Ellie refletiu sobre aquilo. No final das contas sabia que a amiga estava sofrendo. Então mudou a sua oração. Pediu a Deus que a levasse sem sofrimento ou dor alguma e que ela fosse em paz.

No funeral de Agatha, Ellie indagou-se se aquilo também aconteceria com ela. Se o câncer apenas a iludiria com falsas melhoras para, de repente, levá-la à morte. A perda de Agatha fez com que a garota compreendesse a necessidade de seguir sua verdadeira paixão, mas o que seria essa paixão? O que restava a ela se não o ballet?

Após o término da preparação do jantar, a mãe de Ellie a chamou para comer. Ellie dirigiu-se à cozinha, onde o aroma delicioso do prato preparado com cuidado pela mãe, impregnava o ar. Ellie já havia decidido que naquela noite contaria à mãe sua decisão de abandonar o ballet e buscar uma nova paixão. Estava próxima de completar quatorze anos, ainda havia bastante tempo para refletir sobre uma nova carreira.

— Ellie querida, preciso conversar com você. — A mãe a olhou ansiosa enquanto saboreava a comida.

— Também tenho algo para dizer, mãe.

— Eu primeiro. — A mulher limpou os lábios com um guardanapo e encarou a filha. — Ellie, Deus foi muito misericordioso e a curou. Já se passou algum tempo desde então, e estive conversando com sua professora de balé. Decidimos inscrevê-la na competição mundial de dança. É uma oportunidade única, as vencedoras recebem bolsas de estudo para intensivos nas grandes companhias. Será maravilhoso para você.

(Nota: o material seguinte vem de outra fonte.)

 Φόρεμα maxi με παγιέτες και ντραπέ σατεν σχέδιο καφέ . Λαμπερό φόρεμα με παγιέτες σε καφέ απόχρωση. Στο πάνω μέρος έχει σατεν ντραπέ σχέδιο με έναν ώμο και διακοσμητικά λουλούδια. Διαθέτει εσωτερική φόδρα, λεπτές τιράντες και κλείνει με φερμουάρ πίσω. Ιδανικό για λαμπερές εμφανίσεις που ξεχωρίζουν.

— Mãe... — Ellie encarou a mulher e disse de uma vez, para não se arrepender. — Eu quero desistir do ballet!

— Como assim? — Lyia olhou incrédula para a filha, como se esta tivesse cometido uma grande ofensa. — Você enlouqueceu? Depois de tudo o que fiz para que você fosse perfeita, agora quer desistir?

— Mãe...

— De maneira alguma! Eu investi muito em você para que venha com isso agora! É o seu sonho, como pode querer jogá-lo fora? — A voz de Lyia soava ofendida, mas Ellie não recuaria.

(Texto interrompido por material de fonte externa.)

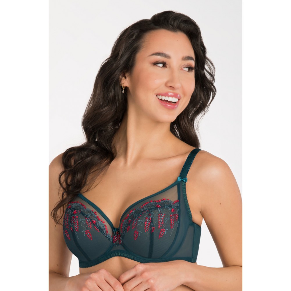 BRA K 796 (конструкція K 630 – MORISSON) М'який бюстгальтер для жінок із середніми та великими грудьми. Модель з поділом чашечок на 4 частини - верхня, передня, середня і бічна панель (бічна підтримка) - округлює бюст в нижній частині, збирає груди в центрі з боку пахви. Виріз горловини піднятий і має форму, щоб надійно закрити всю конструкцію. 4 ширини ремінця (14, 18, 22, 25); гачок з триступеневою регулюванням обхвату: 2 ряд - планка 14; 3 ряди – лямки 18, 22, 25. ЧАШКА: НИЖНЯ ЧАШКА: вишивка + стійкий фатин; БІЧНА ПАНЕЛЬ: 2 шари стійкого тюлю. ВЕРХНЯ ЧАШКА: вишивка на підкладці з стійкого тюлю, верхній край оброблений еластичною стрічкою. ТАЛІЯ: контурна перемичка зі стійкого тюлю та вишивки; прозора лайкра з сітчастою структурою забезпечує дуже хорошу підтримку; Плоскі кісточки з боків забезпечують ідеальне прилягання бюстгальтера до тіла. Червоні металеві колеса та регулятори (без нікелю). Склад: 90% поліамід, 7% еластан, 3% поліестер.
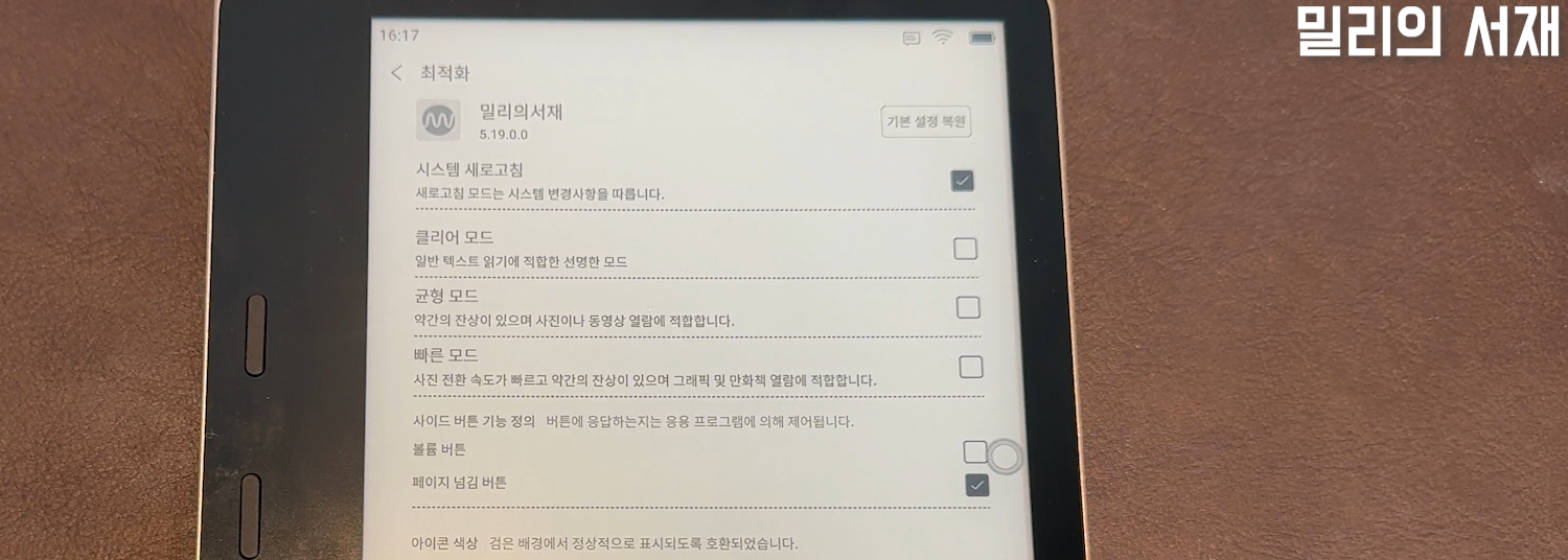 물리 버튼 동작은 밀리의 서재 앱은 물리키를 누르면 음량 조정이 되면서 페이지를 넘길 수 없습니다. 밀리의 서재를 몇 초간 누르면
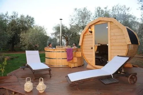 Guests will have a special experience as this tent features a pool with a view, a hot tub and a sauna. The tent provides air conditioning, a private entrance, as well as a private bathroom featuring a bath and a shower. The tent offers a dressing room, heating, as well as a terrace and outdoor furniture. The unit offers 1 bed.
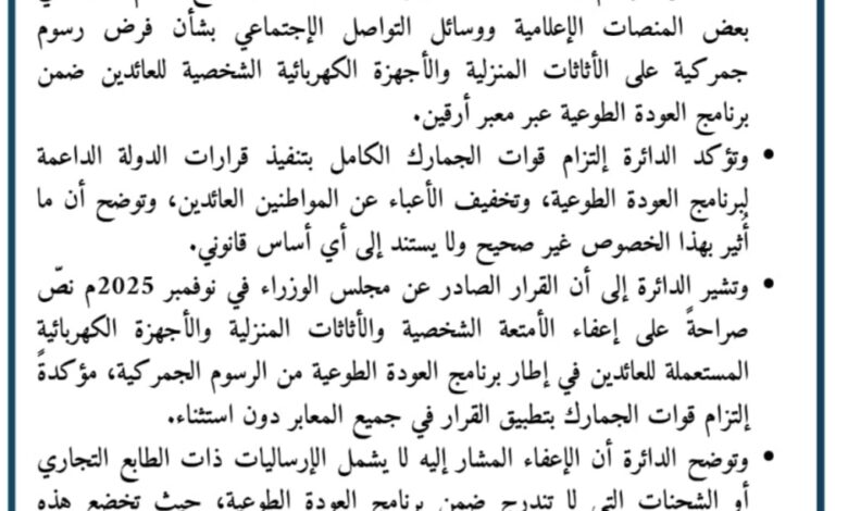 وتوضح الدائرة أن الإعفاء المشار إليه لا يشمل الإرساليات ذات الطابع التجاري أو الشحنات التي لا تندرج ضمن برنامج العودة الطوعية، حيث تخضع هذه الإرساليات للإجراءات والرسوم الجمركية وفقًا للقوانين واللوائح المعمول بها.
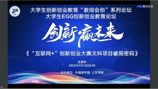 4月15日上午,我院与外国语学院联合举办的大学生创新创业教育“敢闯会创”系列论坛第三讲于线上成功举办。本次讲座邀请了南京信息工程大学工程训练中心主任庄建军教授主讲“互联网+”创新创业大赛文科项目破局密码论坛由我院副院长张莉蔚主持,我院及外国语学院创新创业教育骨干教师及本科生、研究生共计120余人参加了本次活动。

— Não mãe, é o seu sonho. Foi você quem idealizou tudo isso para mim. Você já se perguntou o que eu realmente quero fazer?

— Então me diga, o que você quer fazer?

A pergunta pegou Ellie de surpresa. Ela realmente não sabia o que desejava para sua vida, até então apenas seguia o que lhe havia sido traçado. Ao perceber que a filha ficou sem resposta, Lyia prosseguiu:

— Era o que eu imaginava. Você está assim por causa da perda de sua amiga. Mas posso garantir que isso não vai acontecer com você. — Lyia aproximou-se da filha e acariciou seu cabelo em crescimento. — Você nasceu para ser uma prima-baillerina, e não permitirei que jogue fora tantos anos de dedicação! Ouça sua mãe, eu sei o que é melhor para você.

Ellie suspirou, derrotada. Não havia saída. Ela já tinha perdido a discussão antes mesmo de começar. Então, naquela noite, foi para o telhado sozinha e desejou ter asas... Desejou poder voar para longe, para um lugar secreto onde pudesse ser ela mesma e ser livre. Foi ali que ela compreendeu que seu verdadeiro sonho era ser livre.

— Se minhas asas pudessem voar, eu iria até você e juntas criaríamos nosso paraíso. — Ela disse com lágrimas nos olhos, pensando na amiga que já não podia ouvi-la.

Prometeu a si mesma, naquele momento, que, mesmo que demorasse, encontraria Agatha novamente. Seu corpo poderia ter falhado, mas sua luz jamais se apagaria do mundo e permaneceria no coração da jovem que ansiava desesperadamente pelo momento em que sua vida faria sentido.